実施例1では、キャップをベゼル内でその上部(天井面直下)に格納するために、ガイド溝、規制ピンがベゼルの上部、ヒンジピンがキャップの上部にそれぞれ設けられているのに対して、実施例2では下部(下面の上)に格納するために、ガイド溝、規制ピンがベゼルの下部、ヒンジピンがキャップの下部にそれぞれ設けられている点で、実施例2は実施例1と相違する。
【0046】
実施例2では、ガイド溝42はベゼル40の左右側面の下部に設けられ、ガイド溝には、キャップ50の下部に設けられた左右一対のヒンジピン52がスライド可能に嵌合されている。ここで、ガイド溝42は、ベゼルの下面40Loの上にキャップ50を格納する空間を確保するように、前後方向でのキャップの長さ(厚さ)に対応する距離だけベゼルの下面から離反して形成されている。
【0047】
ガイド溝の前端42Frの上方で後方には、左右一対の規制ピン44がベゼルの左右側面から内側に突出している。そして、ベゼル40、キャップ50の間には保持手段60が設けられ、保持手段は、実施例1と同様に、部分球形状の係合突起54と、係合突起と係合可能な貫通溝よりなる
係合穴46との組み合わせから構成され、係合突起はキャップの左右の袖の上部に、
係合穴はベゼルの左右の側面の上部にそれぞれ設けられている。
【0048】
キャップのヒンジピン52がベゼルの対応するガイド溝42に嵌合されるとともに、キャップの係合突起54がベゼルの対応する係合穴46に係合されて、ベゼルの前面開口40Fを覆う位置にキャップ50は保持され(初期位置;
図6(A))、規制ピン44は、キャップの背面50Saに当接してヒンジピン52を中心としたキャップ50の揺動を規制している。
【0049】
キャップ50をベゼル40に格納するためには、まず、キャップを手前に引きだして保持手段60による係合を解除する。実施例2では、キャップ上部に指を係止させる隙間を残すことなく、キャップ50がベゼルの開口40Fの全面を覆っているため、指を係止させて手前に引き出すための係止溝をキャップの前面の上部に設けるとよい。

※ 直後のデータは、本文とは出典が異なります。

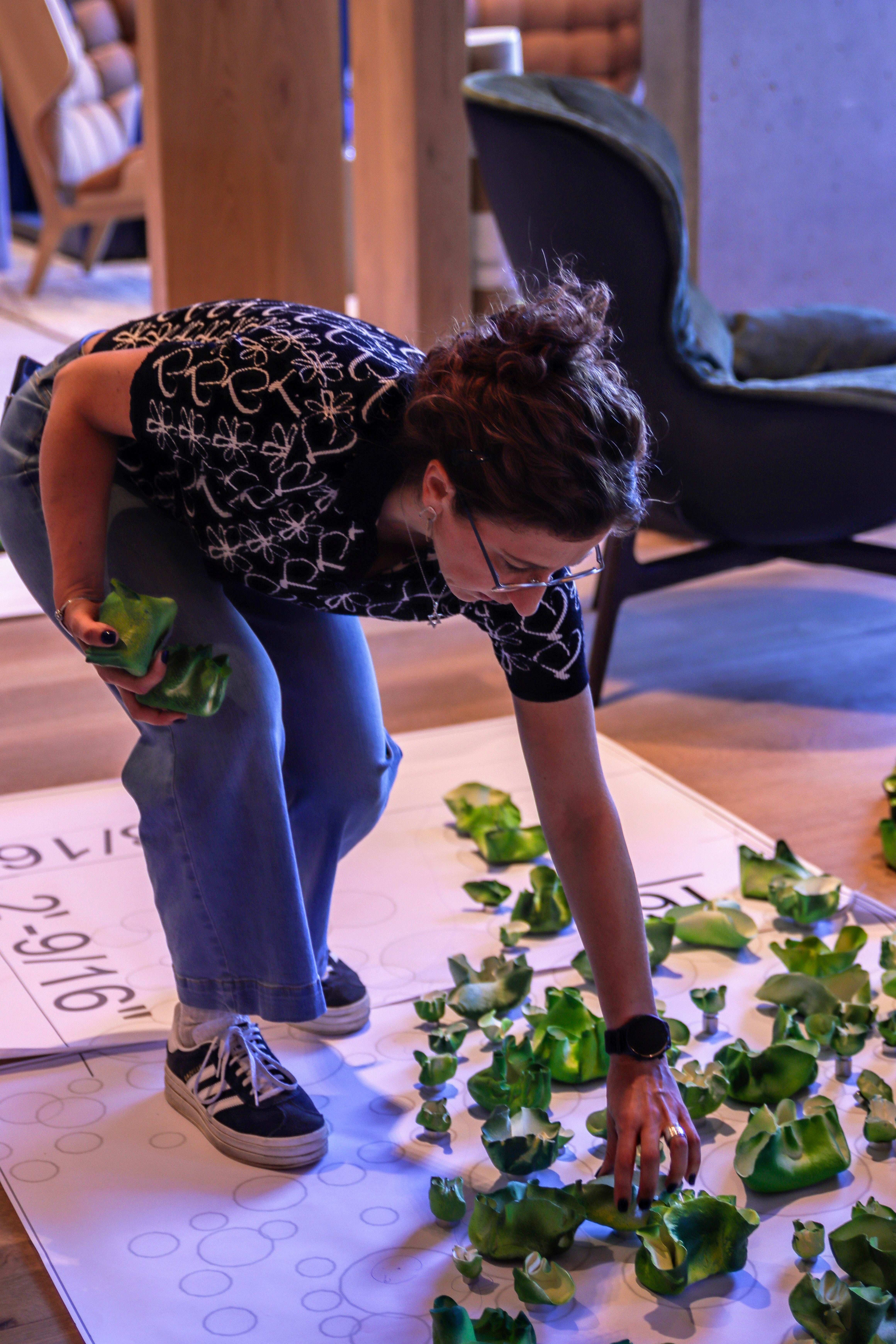 Me working on a layout of the 20-foot-tall wall installation, Everly, a luxury apartment building in Washington, DC.

そして、キャップの左右の袖の後端50Saに規制ピン44を摺接させながら、ヒンジピン52を中心としてキャップ50を揺動させ、ヒンジピンがガイド溝の後端42Rrに当接するまでスライドさせると、キャップ50が下面40Loの上でベゼルに格納される(格納位置;
図6(B))。
【0050】
キャップ50をベゼル40の下部(下面の上)に格納する実施例2の構成においても、ベゼルの上部(天井面直下)に格納する実施例1と同様の効果が得られる。すなわち、係合部材で前面を傷付けることなくキャップ50をベゼル40に格納できる。
【0051】
上記のように本発明によれば、キャップを押し込むとベゼルに設けた規制ピンに規制されてキャップが揺動してベゼルに格納され、パッド凹部へのチャイルドシートの係合部材の押し込みと関係なく揺動して係合部材と接触しないため、その前面を傷付けることなくキャップをベゼルに格納できる。
【0052】
上述した実施例は、この発明を説明するためのものであり、この発明を何等限定するものでなく、この発明の技術範囲内で変形、改造等の施されたものも全てこの発明に包含されることはいうまでもない。
【0053】
なお、実施例では、チャイルドシートの係合部材と係合するアンカがシートクッション後端、シートバック下端のいずれかに設けられている場合を想定しているが、これに限定されず、たとえばシートクッションやシートバックの上面または背面にテザーアンカを設けた構成にも本発明を適用することができる。すなわち、チャイルドシートの頂部から延ばされたフックなどの係合部材と係合可能なテザーアンカがシートクッションやその背面などに設けられ、テザーアンカの格納可能な凹部を覆うキャップ付きベゼルを持つ車両用シートにも本発明を適用できる。